Because evaluators and designers were separated over space and time due to the project constraints, we evaluated the therapy explorer through a combination of multiple demonstrations and case studies involving the larger expert team, and several hallway usability tests with novice users. This combined approach enabled faster design cycles than the weekly electronic meetings: novice users captured coarse-level design potential issues, while the experts had final say over design decisions and captured higher-level potential issues. The demonstrations took various forms, from collocated designer-driven demos to collocated novice-driven tests and to expert-driven remote sessions using screen-sharing software.

4.1 Hallway Usability

Hallway usability is a fast, inexpensive method of usability testing in which randomly-selected people—e.g., people passing by in the hallway—are asked to try using a product or service. The approach can help designers identify “brick walls,” problems so serious that users simply cannot advance using the product. In the early stages of design, we employed hallway usability to observe six computer science graduate students use the system. We note that hallway usability tests are in no way large scale user studies, which exceed the scope of visualization design works, but a practical, hands-on approach to improving usability in specific contexts.

We selected a list of reasonably complex tasks for these users (e.g., “Using the tree map representation, display the overall survival probability at 0.5 for a given male Hispanic subject with supraglottic T3-stage cancer”) and gave them the opportunity to use the prototypes after a brief tutorial. We used a think-aloud technique while observing the participants, and used their feedback to improve the design. The approach enabled us, for example, to evaluate informally the workflow benefits of a linked views paradigm as opposed to separate tabs, and the advantages and disadvantages of encodings, for example Kaplan Meier charts, nomograms, treemaps, or mosaic plots.

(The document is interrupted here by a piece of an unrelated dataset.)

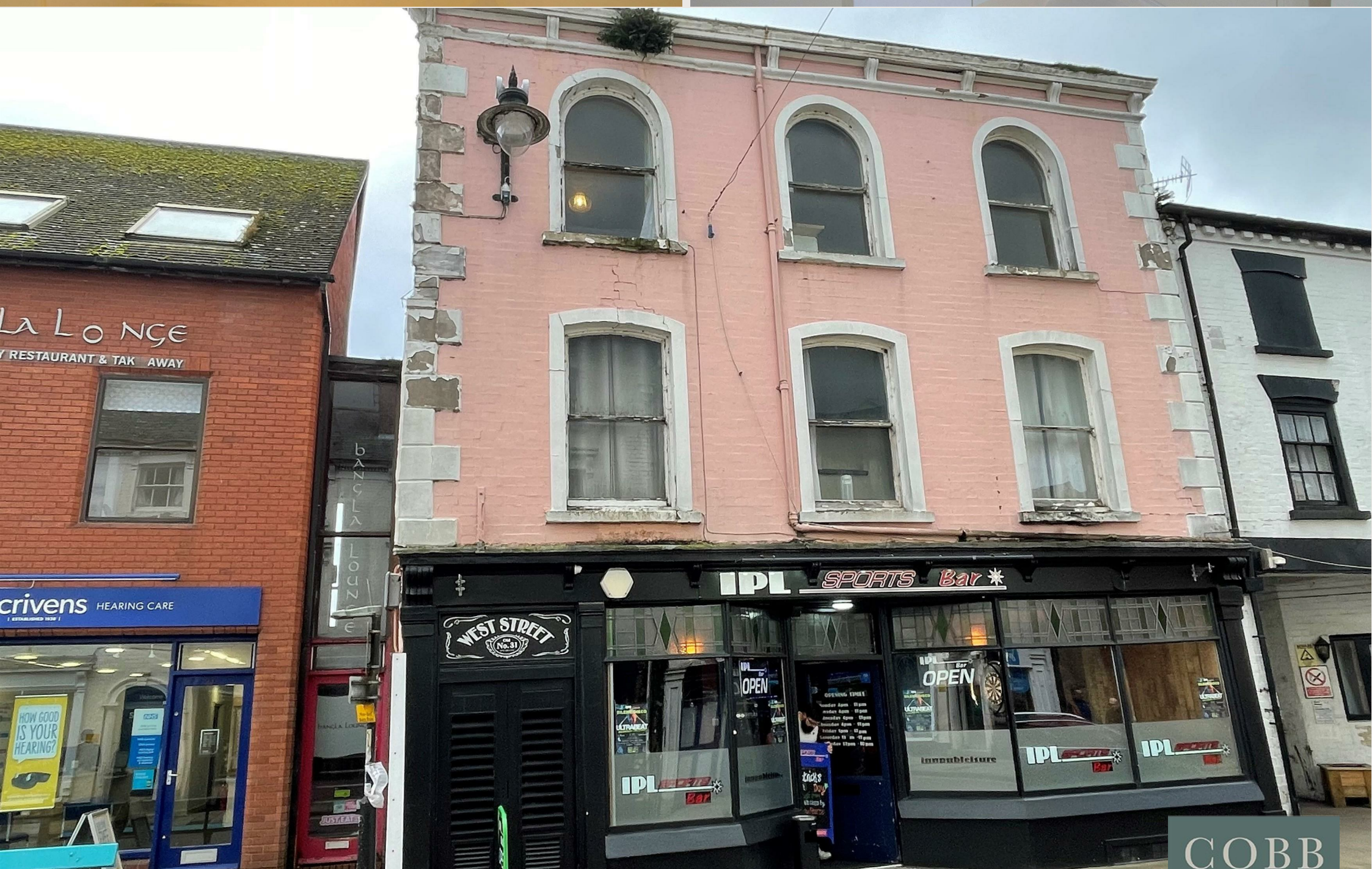
Flats 6 and 7, 29, West Street, Leominster, HR6 8EP Offers In The Region Of £105,000

These tests and feedback indicated, for example, that the workflow was best incorporated in a linked views paradigm (lower time-on-task and fewer clicks), even if this implied less real-estate screen space per encoding, and that in this application mosaic plots were easier to understand than treemaps (higher task success and lower time on task, by a factor as high as 3). Feedback from the domain experts confirmed these findings during both site visits and remote meetings (e.g., “mosaic plots are absolutely better than treemaps in this case”).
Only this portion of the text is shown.